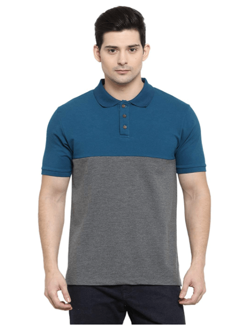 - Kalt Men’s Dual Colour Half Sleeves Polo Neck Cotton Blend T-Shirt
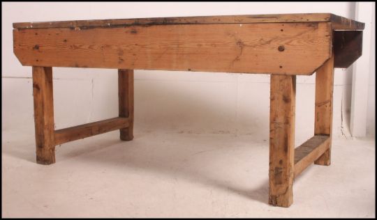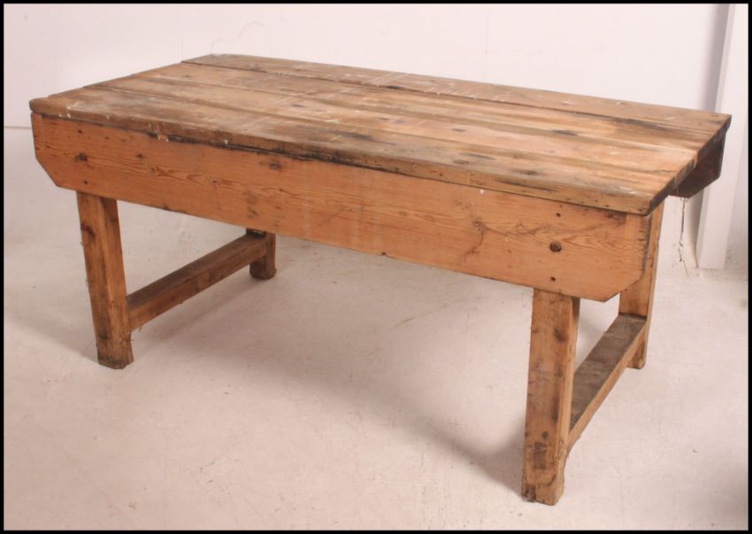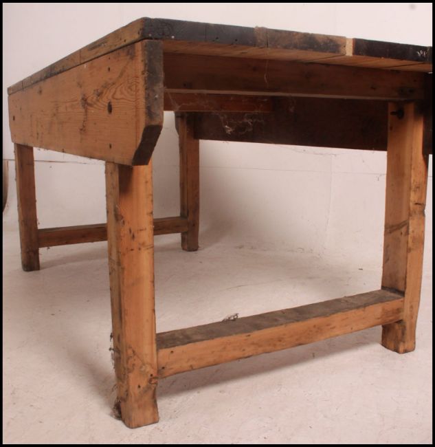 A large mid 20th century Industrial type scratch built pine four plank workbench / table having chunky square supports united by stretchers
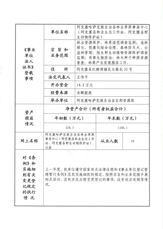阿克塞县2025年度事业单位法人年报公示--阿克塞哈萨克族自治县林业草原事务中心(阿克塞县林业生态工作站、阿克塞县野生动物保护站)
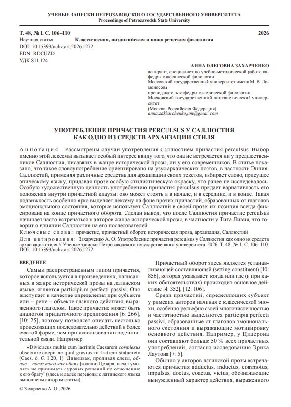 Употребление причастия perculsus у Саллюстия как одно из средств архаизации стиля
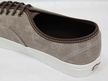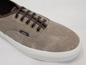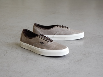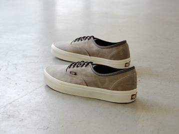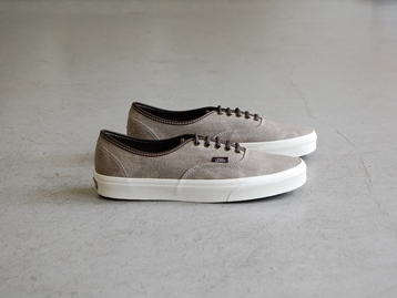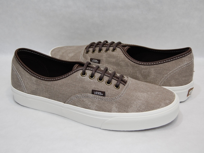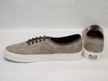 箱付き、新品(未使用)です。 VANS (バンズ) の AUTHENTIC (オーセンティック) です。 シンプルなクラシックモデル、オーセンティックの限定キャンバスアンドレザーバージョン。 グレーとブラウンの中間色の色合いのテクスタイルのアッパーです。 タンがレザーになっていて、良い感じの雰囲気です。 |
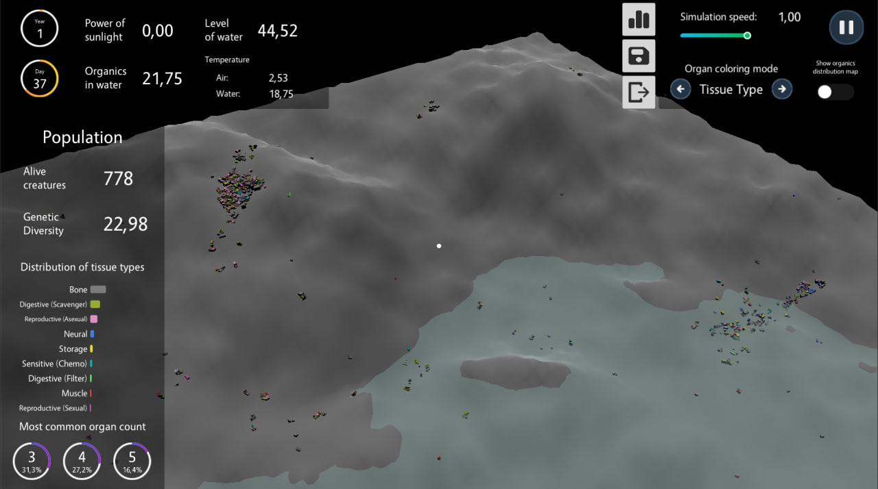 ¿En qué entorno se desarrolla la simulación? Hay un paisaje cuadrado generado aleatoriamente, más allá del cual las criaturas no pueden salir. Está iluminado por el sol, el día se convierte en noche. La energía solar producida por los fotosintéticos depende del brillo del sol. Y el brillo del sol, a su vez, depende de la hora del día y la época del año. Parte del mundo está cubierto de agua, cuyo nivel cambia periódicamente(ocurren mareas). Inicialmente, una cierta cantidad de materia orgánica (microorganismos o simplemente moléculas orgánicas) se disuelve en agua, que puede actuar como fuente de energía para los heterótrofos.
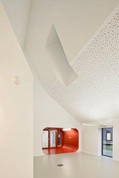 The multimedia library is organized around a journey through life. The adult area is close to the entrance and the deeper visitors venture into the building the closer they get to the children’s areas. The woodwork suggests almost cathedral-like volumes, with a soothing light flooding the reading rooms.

-=-=-

## Exercise
Quote verbatim every line starting at the line that contains "A large mid" and ending with the last line of the records; omit all pictures.

## Answer for this exercise
 A large mid 20th century Industrial type scratch built pine four plank workbench / table having chunky square supports united by stretchers
阿克塞县2025年度事业单位法人年报公示--阿克塞哈萨克族自治县林业草原事务中心(阿克塞县林业生态工作站、阿克塞县野生动物保护站)
 Употребление причастия perculsus у Саллюстия как одно из средств архаизации стиля
 箱付き、新品(未使用)です。 VANS (バンズ) の AUTHENTIC (オーセンティック) です。 シンプルなクラシックモデル、オーセンティックの限定キャンバスアンドレザーバージョン。 グレーとブラウンの中間色の色合いのテクスタイルのアッパーです。 タンがレザーになっていて、良い感じの雰囲気です。 |
 ¿En qué entorno se desarrolla la simulación? Hay un paisaje cuadrado generado aleatoriamente, más allá del cual las criaturas no pueden salir. Está iluminado por el sol, el día se convierte en noche. La energía solar producida por los fotosintéticos depende del brillo del sol. Y el brillo del sol, a su vez, depende de la hora del día y la época del año. Parte del mundo está cubierto de agua, cuyo nivel cambia periódicamente(ocurren mareas). Inicialmente, una cierta cantidad de materia orgánica (microorganismos o simplemente moléculas orgánicas) se disuelve en agua, que puede actuar como fuente de energía para los heterótrofos.
 The multimedia library is organized around a journey through life. The adult area is close to the entrance and the deeper visitors venture into the building the closer they get to the children’s areas. The woodwork suggests almost cathedral-like volumes, with a soothing light flooding the reading rooms.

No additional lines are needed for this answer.